Health system pharmacists may also have to come up with proposals supporting a patient’s switch from a reference product to a biosimilar. However, authors point out “there will likely be limited data available on single or multiple switches, and little or no evidence on switching among biosimilars.” To eliminate any potential nocebo effects, biosimilar screening and education among patients may be a useful practice for health system pharmacists.
Cost comparisons with the RP and other biosimilars, reimbursement assessments, payor coverage reviews, and access evaluations should also be taken into account. As new biosimilars of a single RP enter the market, prices could go down.

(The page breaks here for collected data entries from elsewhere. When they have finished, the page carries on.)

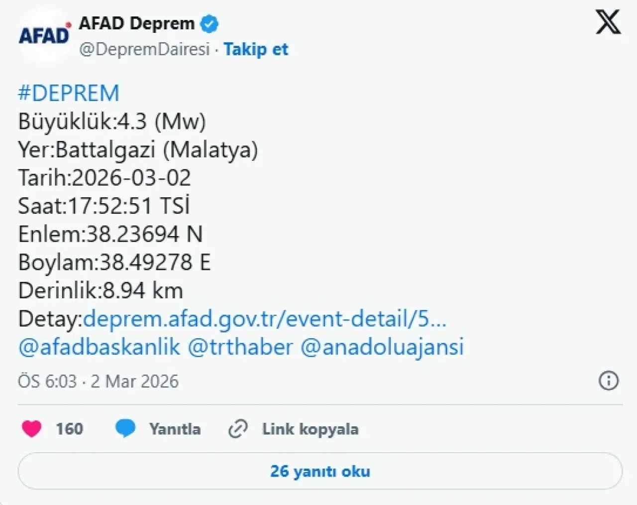 AFAD son depremler verilerine göre, saat 17.52'de yaşanan depremin derinliği ise 8.9 km kilometre olarak ölçüldü.
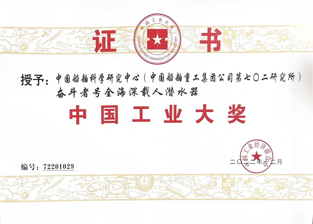 3月19日,第七届中国工业大奖发布会在京隆重举行。中国船舶七〇二所牵头研制的“奋斗者”号全海深载人潜水器项目荣获中国工业大奖。中国工业大奖是经国务院批准设立...
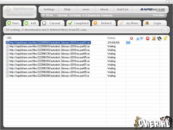 MajorShare RapidShare Downloader программа для пакетной загрузки файлов с широко известного файлообменника RapidShare. Поддерживается как Free так и Premium загрузки. Особенно полезен для пользователей, не имеющих премиум аккаунта и является неплохой альтернативой Universal Share Downloader (USD), и Jdownloader RapidShare Autodownloader.
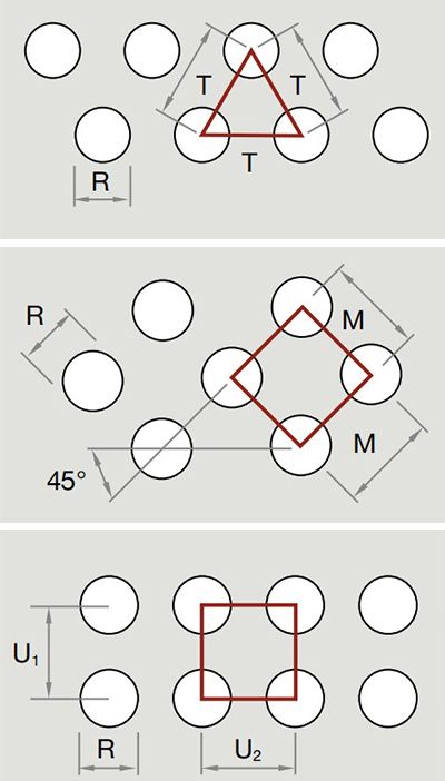 | Round, in 45°staggered rows | |||

To address this, health system pharmacists may conduct routine re-evaluations of the economic impact of changes in average selling price (ASP) and the commensurate adjustments to reimbursement.
Although some FDA guidance does exist on the implementation of biosimilars into clinical practice, many real-world scenarios have note been addressed, authors note. “Evaluation of patient perspectives during formulary selection should consider the anxiety associated with mandated switching from an effective therapy, potential interruption in therapy, access to holistic support services, and possible cost increases,” authors said.
However, pharmacists are in an ideal position to advance biosimilar education among prescribers, formulary committee members, and patients. Both education and preparedness will be instrumental in successfully managing the introduction of biosimilars in US clinical practices.
Reference
Zlatkus A, Bixby T, Goyal K. Considerations for the US health-system pharmacist in a world of biosimilars [published online February 25, 2020]. Drugs Context. doi: 10.7573/dic.2019-12-1.